The Rogers RT5880 substrate with a relative permittivity εeff of 2.2 and a thickness h of 3.175 mm is considered for the study. The calculated dimensions of the radiating patch for 2.5 GHz operating frequency, are 38.62 mm× 47.43 mm×3.175 mm. The coaxial feeding technique is used to feed the proposed antenna with 50-ohm impedance.

To reduce the antenna size and introduce the multi resonance, the radiation patch of the reference antenna radiation patch is miniaturized to 28 mm ×28 mm, then the proposed SCDCSRR unit cell is engraved on its centre as shown in Fig. 11.

Fig. 11
Geometry of miniaturized antenna with SCDCSRR unit cell.

The return loss in Fig. 12 shows that the reference antenna with 28 mm ×28 mm patch has a single resonance frequency at 3.4 GHz. By loading the SCDCSRR to the radiating patch, the unit cell has induced two resonances at 2.65 GHz and 5.2 GHz, besides improving the impedance matching at 3.4 GHz.

Fig. 12
Return loss of conventional miniaturized antenna and that of miniaturised antenna with SCDCSRR unit cell.

Noting that the resonance frequencies locations of the antenna with metamaterial can be predicted since they match those of the SCDCSRR cell in fig.7.
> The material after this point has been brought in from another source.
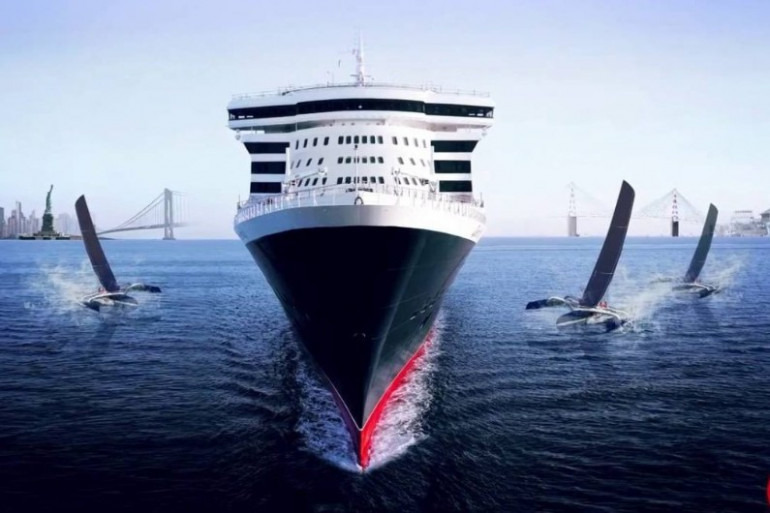 Le paquebot traversera l'océan tout droit avec ses 157.000 chevaux, à une vitesse de croisière de métronome de 26 à 28 nœuds contre des vents dominants. Les trimarans ont beau être les plus performants du monde et faire des pointes à 40 nœuds, ils ne renverseront pas la vapeur.

The antenna size can be miniaturised whether by reducing the size and maintain the same resonance frequency or by shifting the resonance to a lower frequency and maintain the same size of the antenna [1[1] J. L. Volakis, C.-C. Chen, and K. (Kyõhei) Fujimoto, Small antennas: miniaturization techniques & applications. McGraw-Hill, 2010.]. In this paper, the proposed antenna size is miniaturized by 63.11% in two steps. First, the size of the radiating patch of the reference antenna is reduced from 38.62 mm ×47.43 mm to 28 mm ×28 mm, which resulted in a resonance frequency shift from 2.5 to 3.4 GHz. Then to attain a resonance at a lower frequency, the SCDCSRR unit cell is loaded to the radiation patch, and a resonance frequency is created at 2.65 GHz. The table IV depicts the miniaturisation process followed in this paper.

TABLE IV
Antenna miniaturization processes.

IV. FRACTAL TECHNIQUE EMPLOYING

Koch snowflake fractal is etched from the four edges of the resonating patch to improve return loss at the resonance frequencies, as depicted in Fig. 13. The first order is formed of four sections, each section is one third the length of the rectangular patch (28 mm/3). In the second order, each of the four sections is replaced with the same shape which makes them sixteen segments, each one is one-ninth the patch side length. Table V resumes the effect of Koch snowflake fractal order on the antenna return loss.

Fig. 13
(a) First iteration (b) second iteration of Koch snowflake fractal.
TABLE V
Effect of Koch snowflake fractal on the return loss.
Fig. 14
Return loss of antenna with fractal.

V. DGS TECHNIQUE EMPLOYING

To improve the radiation parameters as gain, radiation pattern and efficiency, the DGS technique is employed. The L shaped slot is etched from the ground plan of the proposed antenna. The slot has the dimensions of GY=20 mm, GX=17mm, gy=10mm, and gx=9mm. The final antenna is fed by the SMA connector attached, as shown in Fig. 15.

Fig. 15
Final proposed antenna with L-slit DGS in (a) Front view, (b) Side view and (c) Back view.
Fig. 16
Final proposed antenna equivalent circuit.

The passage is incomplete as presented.